Виктор Чернов - Записки социалиста-революционера (Книга 1)
Мне уже тогда приходилось задумываться над трагедией русского сектанства. Ведь, это в сущности было нашей отечественной реформацией, опоздавшей родиться. После освобождения крестьян, в особенности с семидесятых годов, сектантское движение переживало сильный подъем; но оно беспомощно билось в узах самобытного мужицкого примитивизма. Не было к его услугам интеллигенции, которая всю силу своей новаторской мысли отдала бы этому движению, возглавив его собою "Властителями дум" интеллигенции были учителя и учения, уходившие далеко от старой религиозности Один Лев Толстой создавал что-то свое, но его Бог был так абстрактен, его вера до такой степени опорожнена от всякой конкретной теологической и космогонической мифологии, что абсолютно не давала никакой пищи религиозной фантазии Без захватывающих и поражающих воображение образов, это чисто головное построение еще могло быть прибежищем для развившей вкус к метафизике интеллигенции, но для более конкретного ума простолюдина {304} специфически-религиозная сторона толстовства была слишком безвинна и пуста, и оно воспринималась либо как чисто-моральное учение, либо было этапом к полному неверию. И только когда волна сектантского движения уже спала и на первый план в деревне выдвинулись чисто-светские мотивы социального порядка, в особенности аграрные - верующая часть интеллигенции спохватилась. Тогда-то на почве интеллектуальной и общеполитической реакции, возникли запоздалые поиски всех этих "христиан третьего завета" и тому подобных реставраторов религиозного мышления, Булгаковых, Эрнов, Свенцицких, Мережковских и т. п. Но не этой тепличной, оранжерейной религиозности усталых и пресыщенных эстетов и любомудров была по плечу задача слияния с дико растущей, элементарной, ядреной стихией потугов мужицкого религиозного мышления. Пропасть была слишком велика. Гораздо роднее сектантам были религиозные сектаторы Запада старинных времен. Так, изданная Академией Наук, редкая книжка чешского реформатора Хельчицкого: "Сеть Веры", с ее яростными Филиппинами против государей и пошедшей к ним на службу церкви, была вся раскуплена сектантами; я встречал ее у всех крупных молокан. Социальные мотивы таборитского движения, отразившиеся в ней, были близки серцам крестьян не менее, чем ее религиозная непосредственность.
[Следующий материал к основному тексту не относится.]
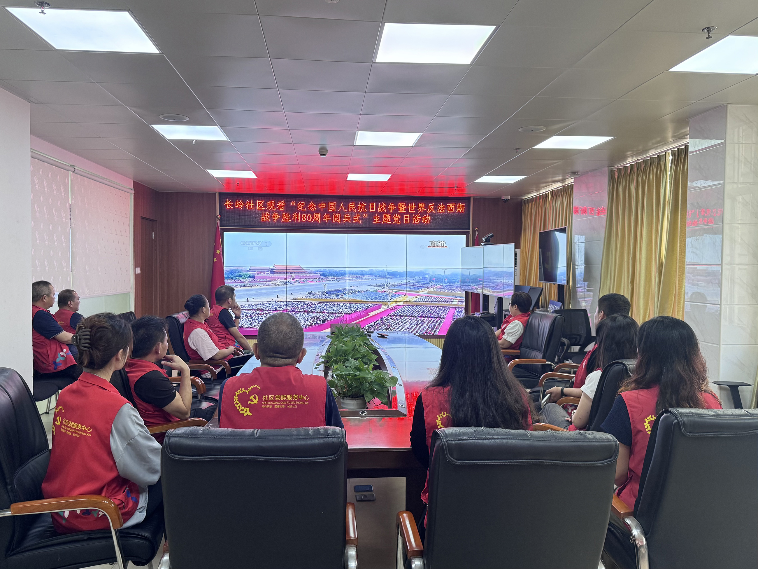 长岭社区讯:为铭记中国人民抗日战争暨世界反法西斯战争的伟大胜利,弘扬抗战精神,厚植爱国主义情怀,长岭社区党委于2025年9月3日组织社区党员、居民群众及新就业群体代表,分别在社区党群服务中心和暖蜂驿站集中观看“纪念中国人民抗日战争暨世界反法西斯战争胜利80周年大会”直播,共同回顾历史荣光,汲取奋进力量。

Религиозная реформация "блазированной" русской интеллигенции должна была зачахнуть от анемии в четырех стенах литературных салонов, как штаб без армии; а религиозная реформация мужика - армия без штаба - была обречена на истощение от того, что все самое энергичное в этой среде {305} неминуемо должно было перехватываться чуждающимся религии революционным движением.
Но в то время ни о каких интеллигентских реставраторах и реформаторах религии, кроме Толстого, не было слышно. Столкновение с сектантами научило нас только тому, что при работе в деревне нельзя обойти, нельзя игнорировать великой моральной проблемы. За религию крестьянская мысль схватилась потому, что не знала иной опоры для нравственного сознания. "Бога в тебе нет" - это прежде всего значило: нет в тебе справедливого, человечного, душевного отношения к ближнему. Разрушая религию, мы разрушали наиболее привычную и понятную подпорку или, точнее, фундамент личной праведности.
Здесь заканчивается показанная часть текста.